## RECORDS
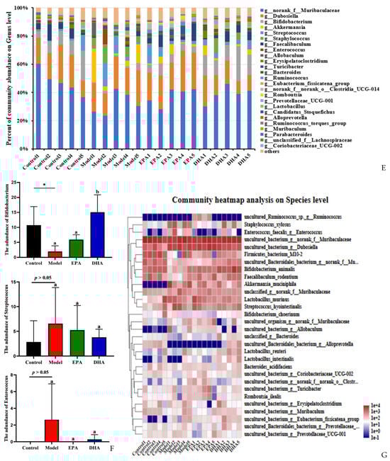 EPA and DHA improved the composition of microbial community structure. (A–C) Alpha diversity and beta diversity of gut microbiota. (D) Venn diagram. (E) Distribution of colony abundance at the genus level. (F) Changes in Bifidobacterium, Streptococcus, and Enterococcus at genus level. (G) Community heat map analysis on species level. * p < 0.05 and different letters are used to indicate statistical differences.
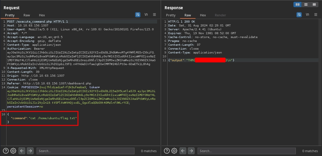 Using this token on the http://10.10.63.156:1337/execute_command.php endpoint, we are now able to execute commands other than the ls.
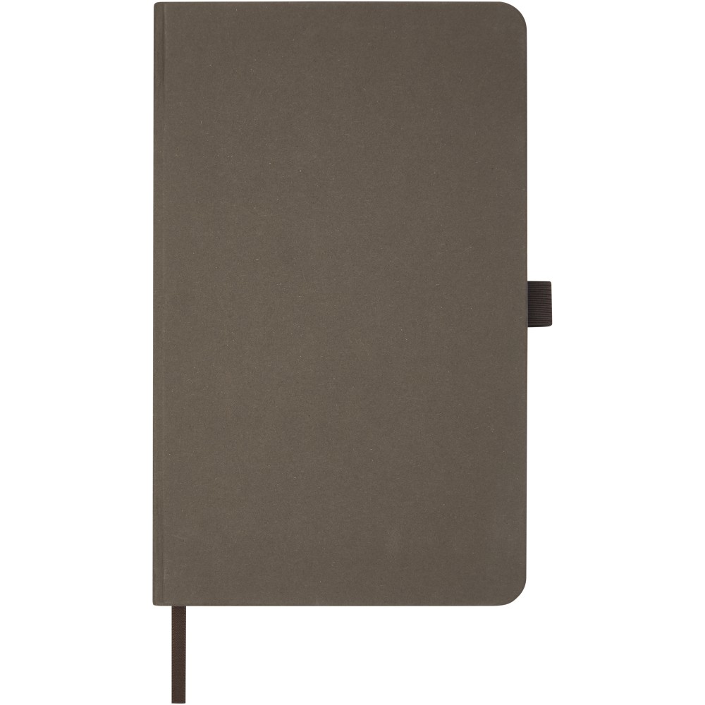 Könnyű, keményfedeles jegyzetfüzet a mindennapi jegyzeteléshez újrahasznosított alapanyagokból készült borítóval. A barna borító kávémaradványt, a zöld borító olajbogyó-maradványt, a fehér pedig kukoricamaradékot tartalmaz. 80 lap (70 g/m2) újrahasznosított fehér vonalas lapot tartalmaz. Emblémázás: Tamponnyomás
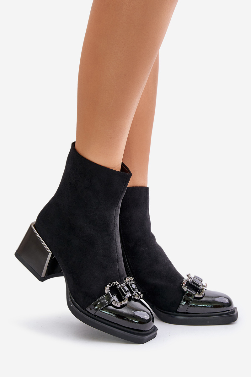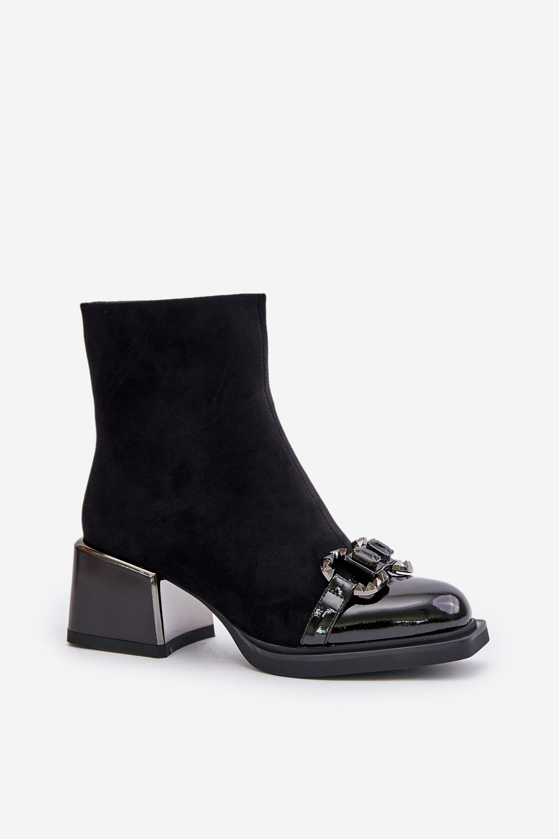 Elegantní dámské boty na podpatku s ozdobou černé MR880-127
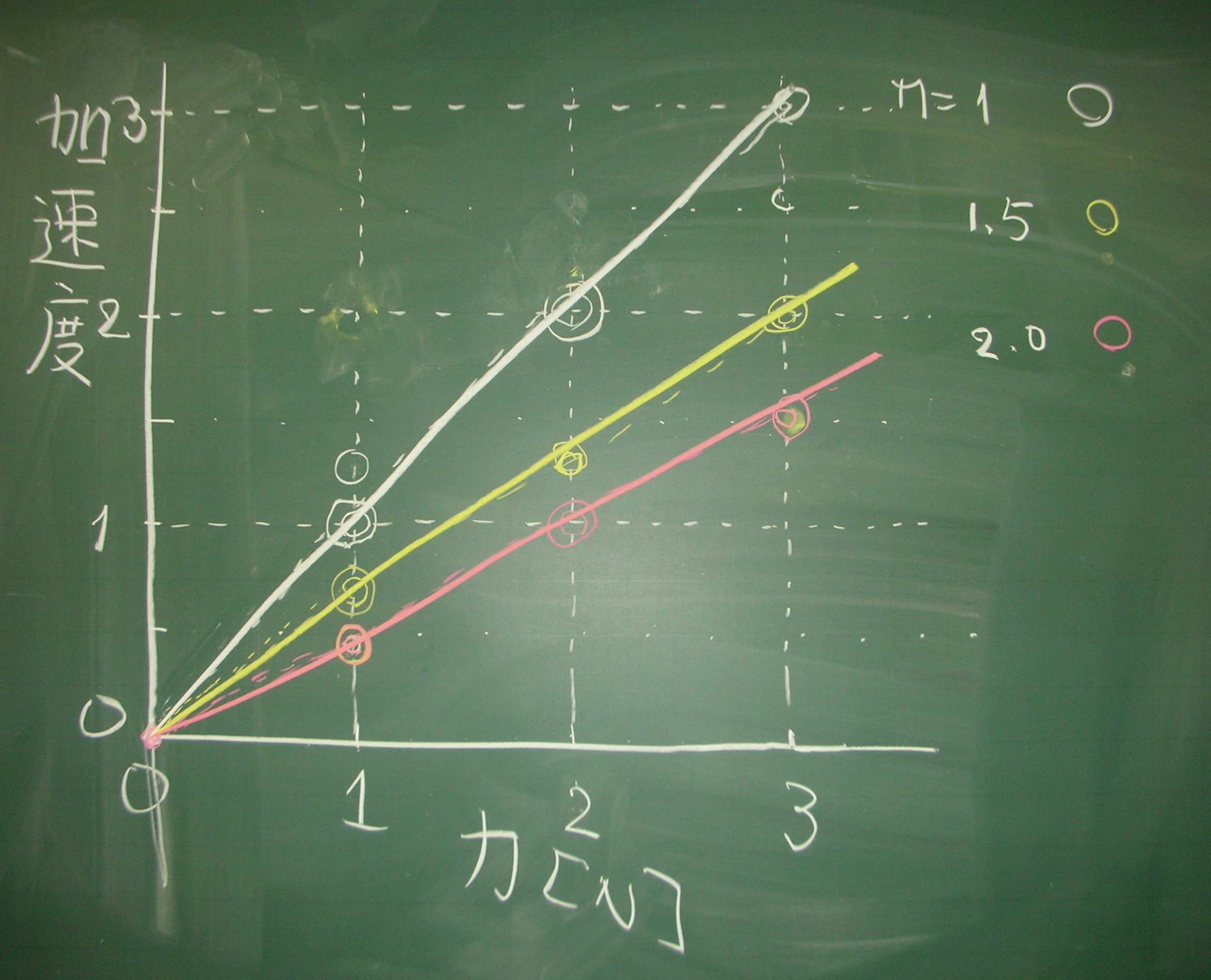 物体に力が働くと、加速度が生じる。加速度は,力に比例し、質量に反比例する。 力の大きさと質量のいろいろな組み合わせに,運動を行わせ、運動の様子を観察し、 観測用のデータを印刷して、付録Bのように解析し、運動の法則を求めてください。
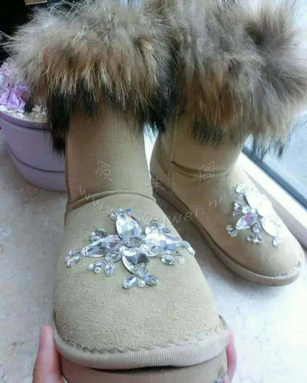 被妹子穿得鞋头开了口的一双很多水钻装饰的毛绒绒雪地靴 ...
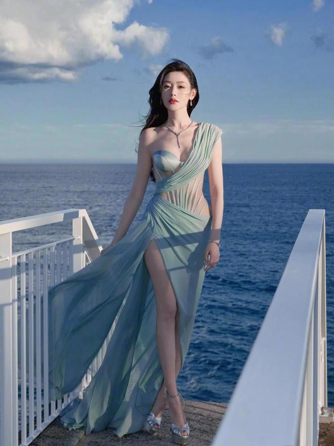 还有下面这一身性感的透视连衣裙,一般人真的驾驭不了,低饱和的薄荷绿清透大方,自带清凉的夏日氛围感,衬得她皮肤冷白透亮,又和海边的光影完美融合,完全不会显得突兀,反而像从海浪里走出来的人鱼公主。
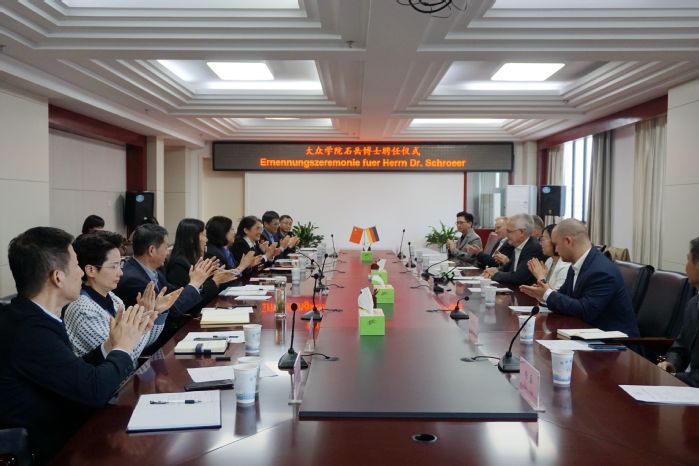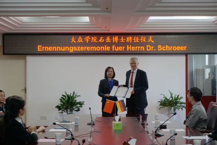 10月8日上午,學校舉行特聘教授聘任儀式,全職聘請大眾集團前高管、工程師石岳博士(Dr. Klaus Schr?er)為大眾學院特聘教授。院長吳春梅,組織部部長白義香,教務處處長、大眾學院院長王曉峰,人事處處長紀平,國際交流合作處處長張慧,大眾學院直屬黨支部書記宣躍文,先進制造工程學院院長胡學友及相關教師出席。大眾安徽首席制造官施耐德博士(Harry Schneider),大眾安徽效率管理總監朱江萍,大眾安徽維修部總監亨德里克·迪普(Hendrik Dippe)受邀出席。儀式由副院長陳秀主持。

## PROBLEM STATEMENT
Would you print all of the entries exactly, omitting any image?

## RESPONSE TO THE TASK
 EPA and DHA improved the composition of microbial community structure. (A–C) Alpha diversity and beta diversity of gut microbiota. (D) Venn diagram. (E) Distribution of colony abundance at the genus level. (F) Changes in Bifidobacterium, Streptococcus, and Enterococcus at genus level. (G) Community heat map analysis on species level. * p < 0.05 and different letters are used to indicate statistical differences.
 Using this token on the http://10.10.63.156:1337/execute_command.php endpoint, we are now able to execute commands other than the ls.
 Könnyű, keményfedeles jegyzetfüzet a mindennapi jegyzeteléshez újrahasznosított alapanyagokból készült borítóval. A barna borító kávémaradványt, a zöld borító olajbogyó-maradványt, a fehér pedig kukoricamaradékot tartalmaz. 80 lap (70 g/m2) újrahasznosított fehér vonalas lapot tartalmaz. Emblémázás: Tamponnyomás
 Elegantní dámské boty na podpatku s ozdobou černé MR880-127
 物体に力が働くと、加速度が生じる。加速度は,力に比例し、質量に反比例する。 力の大きさと質量のいろいろな組み合わせに,運動を行わせ、運動の様子を観察し、 観測用のデータを印刷して、付録Bのように解析し、運動の法則を求めてください。
 被妹子穿得鞋头开了口的一双很多水钻装饰的毛绒绒雪地靴 ...
 还有下面这一身性感的透视连衣裙,一般人真的驾驭不了,低饱和的薄荷绿清透大方,自带清凉的夏日氛围感,衬得她皮肤冷白透亮,又和海边的光影完美融合,完全不会显得突兀,反而像从海浪里走出来的人鱼公主。
 10月8日上午,學校舉行特聘教授聘任儀式,全職聘請大眾集團前高管、工程師石岳博士(Dr. Klaus Schr?er)為大眾學院特聘教授。院長吳春梅,組織部部長白義香,教務處處長、大眾學院院長王曉峰,人事處處長紀平,國際交流合作處處長張慧,大眾學院直屬黨支部書記宣躍文,先進制造工程學院院長胡學友及相關教師出席。大眾安徽首席制造官施耐德博士(Harry Schneider),大眾安徽效率管理總監朱江萍,大眾安徽維修部總監亨德里克·迪普(Hendrik Dippe)受邀出席。儀式由副院長陳秀主持。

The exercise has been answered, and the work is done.